INVESTIGATION OF DYNAMIC ENHANCEMENT OF LAMINAR NATURAL CONVECTION COOLING OF ELECTRONICS
Laurie Florio
Advisor: Dr. Avraham Harnoy
With the proliferation of consumer electronics devices and the increasingly demanding thermal control requirements for such devices, more effective and efficient means of cooling electronics are needed. The feasibility of alternative approaches of enhancing pure natural convection cooling is investigated in the current research. These cooling methods are intended to operate in the regime for which natural convection cooling is inadequate, yet conventional fan driven cooling is inefficient.
This presentation will focus on the results of a two-dimensional laminar flow numerical investigation into the feasibility of the use of transversely oscillating vibration sources placed in the immediate vicinity of heat sources for localized enhancement of laminar natural convection in a vertically oriented channel. Both a constant heat flux plate heat source and a constant volumetric heat source rectangular solid are used. For a given channel geometry, the oscillation parameters and oscillation source location are varied to determine their impact on any potential cooling effect. The results of these parametric numerical studies allow for the determination of measures of the potential cooling effect of the method including the time averaged local heat transfer coefficients and time averaged average heat transfer coefficients. Based on the information gathered in the study, a well-informed judgment as to the feasibility of such a cooling enhancement technique can be made.

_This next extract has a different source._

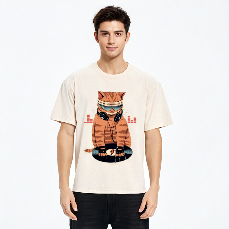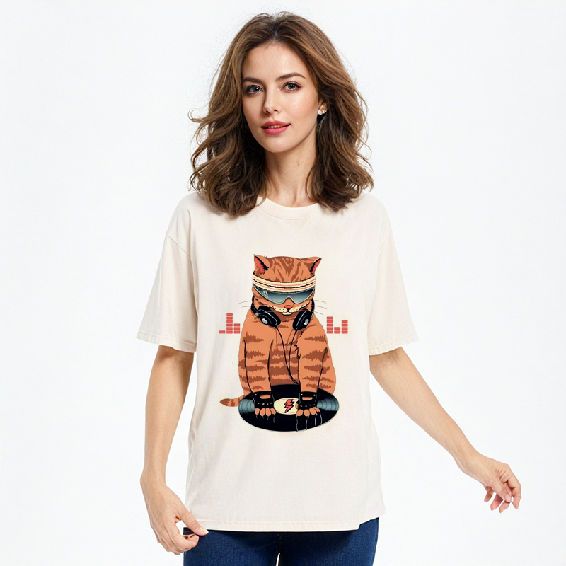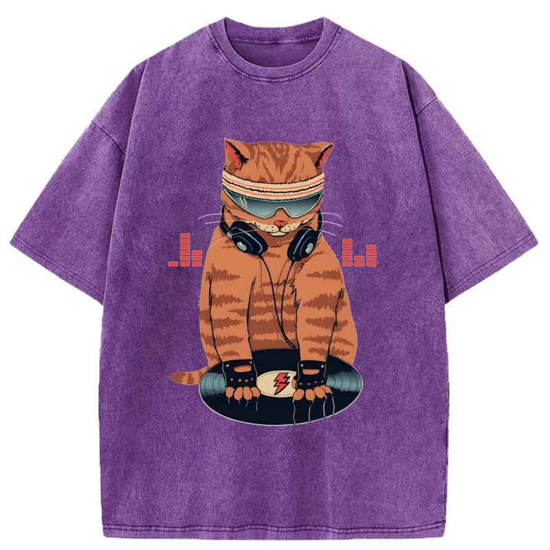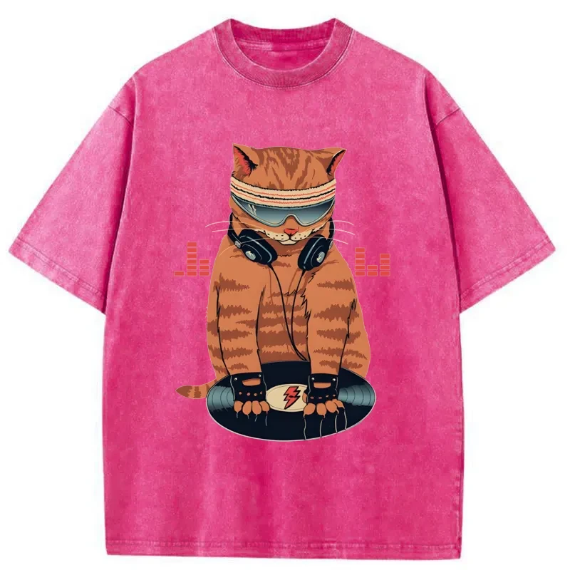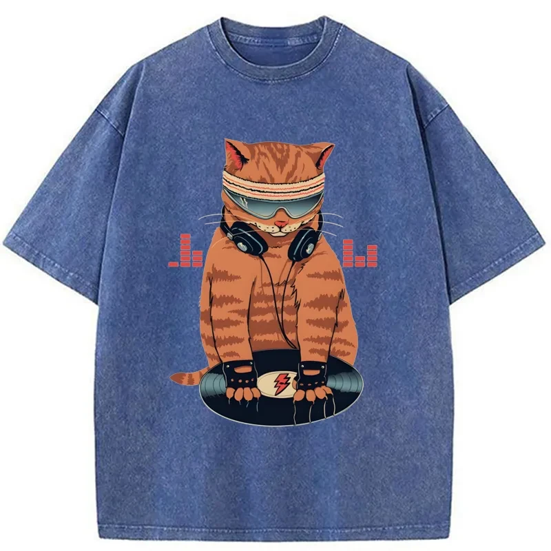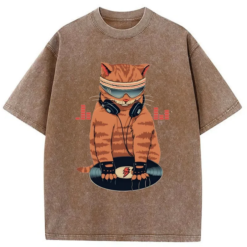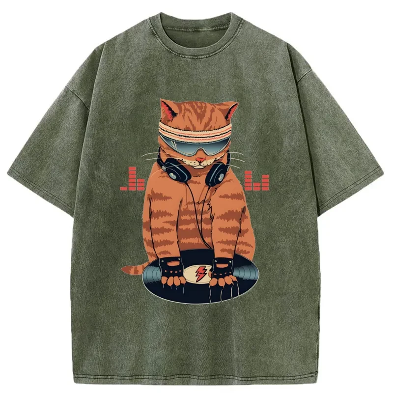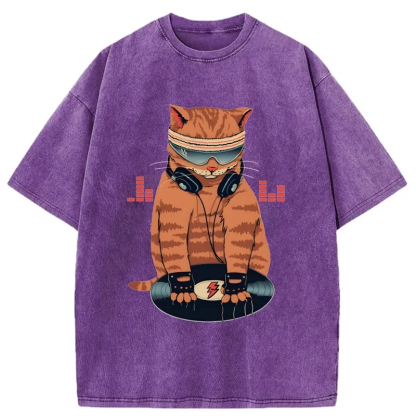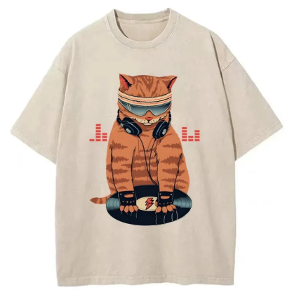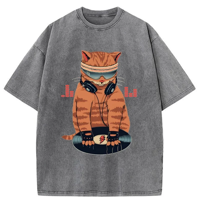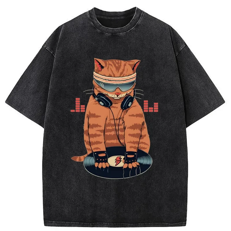 Tokyo-Assassin Funny Cat DJ Washed T-Shirt

The results of this investigation indicate that the use of transverse oscillation sources placed in the immediate vicinity of the heat sources has the potential for significant heat transfer enhancement over a range of viable oscillation and geometric parameters. By promoting improved fluid mixing in the heat source vicinity, the oscillation sources act to increase the velocity gradients in the fluid nearby the heat source, causing increased temperature gradients in the nearby fluid and increased heat removal. Improvement in the local heat transfer coefficients of as much as 83% was found for certain parameter values. In addition, the cooling effect was found to be localized, and, thus, this method may be useful in the cooling of specifically targeted locations.